Even to this date, most earth system models are coded in Fortran, especially those used at the largest compute scales. Our ocean model Veros takes a different approach: it is implemented using the high-level programming language Python. Besides numerous usability advantages, this allows us to leverage modern high-performance frameworks that emerged in tandem with the machine learning boom. By interfacing with the JAX library, Veros is able to run high-performance simulations on both central processing units (CPU) and graphical processing unit (GPU) through the same code base, with full support for distributed architectures. On CPU, Veros is able to match the performance of a Fortran reference, both on a single process and on hundreds of CPU cores. On GPU, we find that each device can replace dozens to hundreds of CPU cores, at a fraction of the energy consumption. We demonstrate the viability of using GPUs for earth system modeling by integrating a global 0.1° eddy-resolving setup in single precision, where we achieve 1.3 model years per day on a single compute instance with 16 GPUs, comparable to over 2,000 Fortran processes.

Related blog post

4 Likes

Unfortunately, Fortran is deemed here as a synonym of “old-fashioned” and “to-be-replaced” (again).

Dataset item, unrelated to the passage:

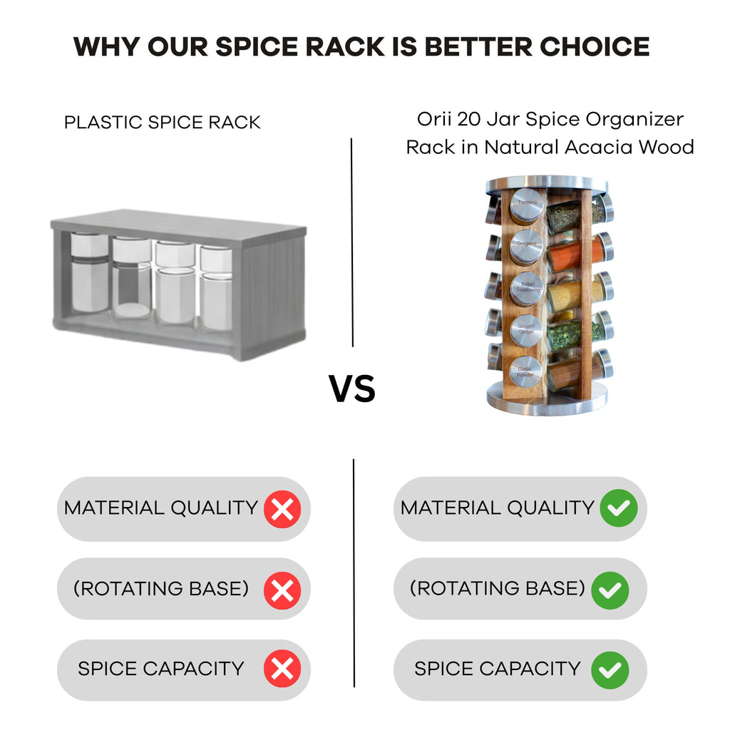 Upgrade your kitchen organization with the Orii 20-Jar Acacia Wood Rotating Spice Rack Organizer. The perfect blend of natural elegance and everyday functionality.

What is the remedy for this widespread misconception?

The authors did not make general criticisms of Fortran but have asserted that on the hardware available to them, a Python/JAX solution was faster. Based on this paper, it needs to be easier for Fortran to exploit GPUs.

2 Likes

They use the GitHub - google/jax: Composable transformations of Python+NumPy programs: differentiate, vectorize, JIT to GPU/TPU, and more library to compile Python to very fast native code using XLA. If this can optimize array code very well, we could write an XLA backend to LFortran also.

4 Likes

This is the modernized equivalent of their Fortran code in Figure 2,

do concurrent(j=js_pe:je_pe, i=is_pe:ie_pe, tke(i,j,nz,taup1) < 0.)
    tke_surf_corr(i,j) = -tke(i,j,nz,taup1) * 0.5 * dzw(nz) / dt_tke
    tke(i,j,nz,taup1) = 0.
end do

This code does not even need extra jit decorators to run on GPUs. Compile it with NVIDIA compilers to get GPU parallelism. want CPU parallelism? compile and run instead with Intel ifort. Just compare the elegance of this code with the Python equivalent in their figure.

The authors state further “When going from Fortran to Python, explicit loops are replaced with array operations”. Why? Is it not possible in Fortran? The entire vectorization ideas of numpy are inherited from Fortran 90.

11 Likes

:wave: Hey everybody, author of the article here. Happy to discuss this with you. To address some of your points:

Yes! Unfortunately, hardware agnostic code doesn’t mix very well with explicit loops, so unless you restrict yourself to vectorized operations I don’t have much hope for Fortran here (would love to be wrong though).

That would be amazing, but see the caveat above: XLA can only accelerate array code, so you would have to stick to a subset of Fortran (or do some serious compiler magic).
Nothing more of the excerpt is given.